▶ _Work to be completed_: Return each entry word for word. Leave the images out.

▶ _Excerpted records_:

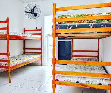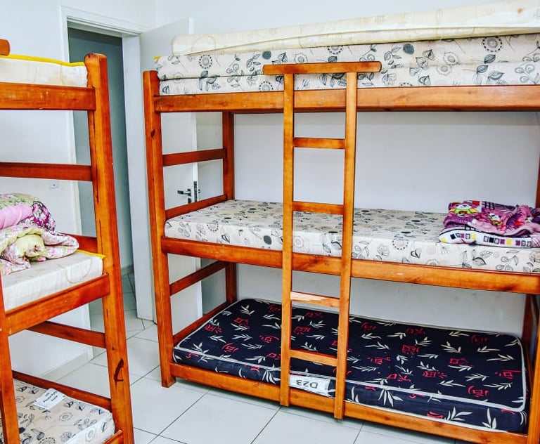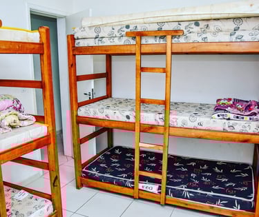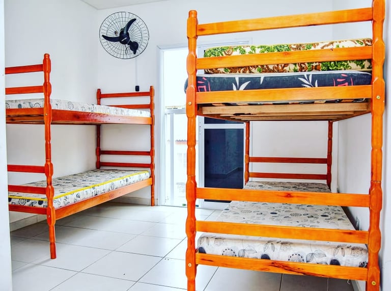 neste quarto tem 2 triliches ou seja 6 camas e um ventilador de parede e Banheiro no Corredor.
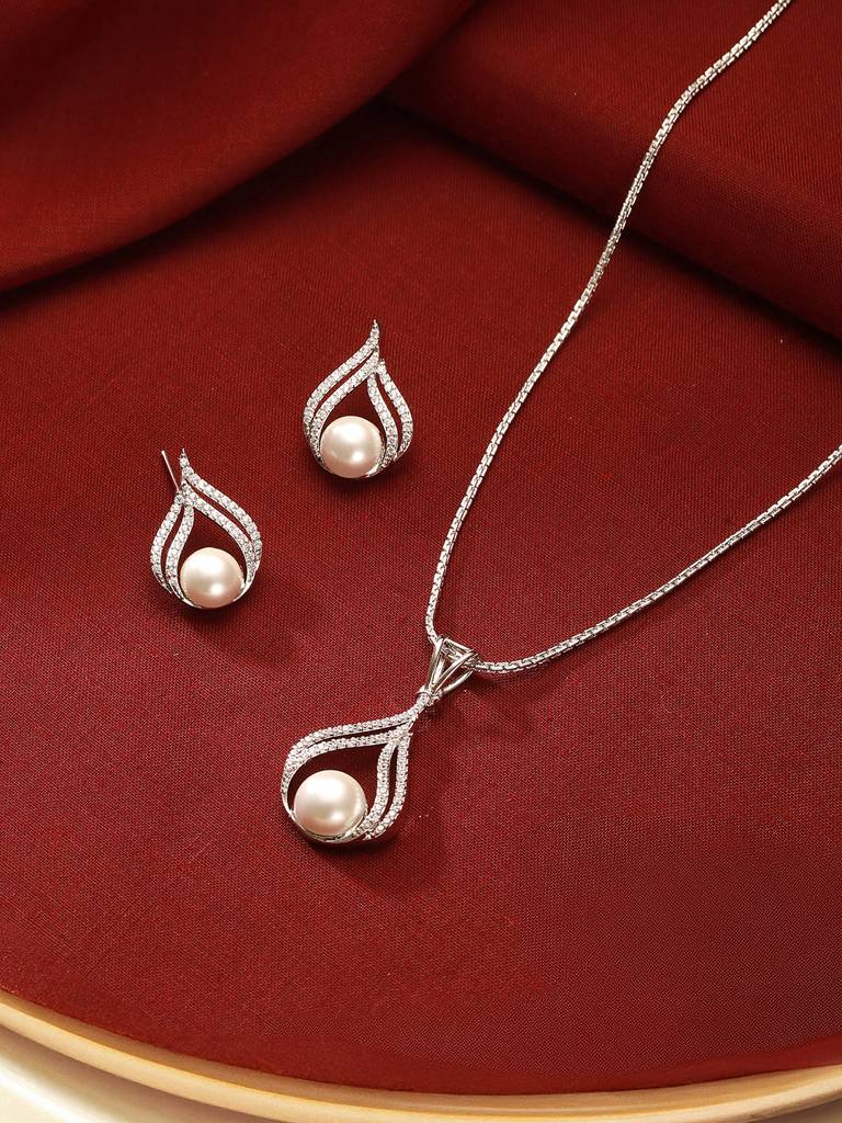 Saraf RS JewellerySilver Plated Ad & Pearl Beaded Minimal Delicate Pendant With Chain Jewellery Set
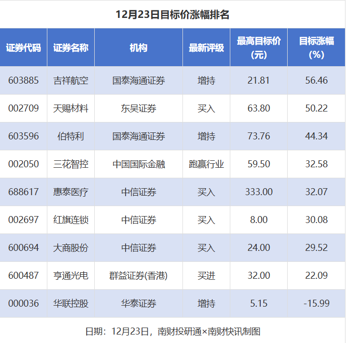 南财投研通数据显示,12月23日,券商给予上市公司目标价共9次,按最新收盘价计算,目标价涨幅排名居前的公司有吉祥航空、天赐材料、伯特利,目标价涨幅分别为56.46%、50.22%、44.34%,分别属于航空机场、电池、汽车零部件行业。
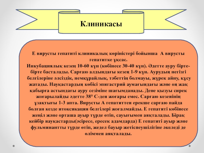 Е вирусты гепатиті клиникалық көріністері бойынша А вирусты гепатитке ұқсас.
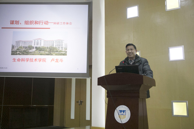 接下来,生命科学技术学院、外语系、思想政治理论课教学部、医学工程学院、仁智书院、崇德书院作为2017年度年终科研考核优秀单位分享了他们在科研管理工作中的宝贵经验。生命科学技术学院院长卢龙斗教授从“科研工作回顾、谋划起来、组织起来、行动起来”四个方面全方位介绍了生命科学技术学院自2015年以来科研成果从“十无学院”到“十项突破”的内涵式转变历程,“不在于有无空间、不在于有无设备、不在于有无项目、不在于有无经费,关键在于想干事、能干事、能干成事的人才”;思想政治理论课教学部主任王炜烨介绍了他们如何在人员少、教学任务重的现状下仍然取得了非常显著科研成果的经验,即“高度重视,加强管理,教师积极投入”。

▶ _Task response_:
 neste quarto tem 2 triliches ou seja 6 camas e um ventilador de parede e Banheiro no Corredor.
 Saraf RS JewellerySilver Plated Ad & Pearl Beaded Minimal Delicate Pendant With Chain Jewellery Set
 南财投研通数据显示,12月23日,券商给予上市公司目标价共9次,按最新收盘价计算,目标价涨幅排名居前的公司有吉祥航空、天赐材料、伯特利,目标价涨幅分别为56.46%、50.22%、44.34%,分别属于航空机场、电池、汽车零部件行业。
 Е вирусты гепатиті клиникалық көріністері бойынша А вирусты гепатитке ұқсас.
 接下来,生命科学技术学院、外语系、思想政治理论课教学部、医学工程学院、仁智书院、崇德书院作为2017年度年终科研考核优秀单位分享了他们在科研管理工作中的宝贵经验。生命科学技术学院院长卢龙斗教授从“科研工作回顾、谋划起来、组织起来、行动起来”四个方面全方位介绍了生命科学技术学院自2015年以来科研成果从“十无学院”到“十项突破”的内涵式转变历程,“不在于有无空间、不在于有无设备、不在于有无项目、不在于有无经费,关键在于想干事、能干事、能干成事的人才”;思想政治理论课教学部主任王炜烨介绍了他们如何在人员少、教学任务重的现状下仍然取得了非常显著科研成果的经验,即“高度重视,加强管理,教师积极投入”。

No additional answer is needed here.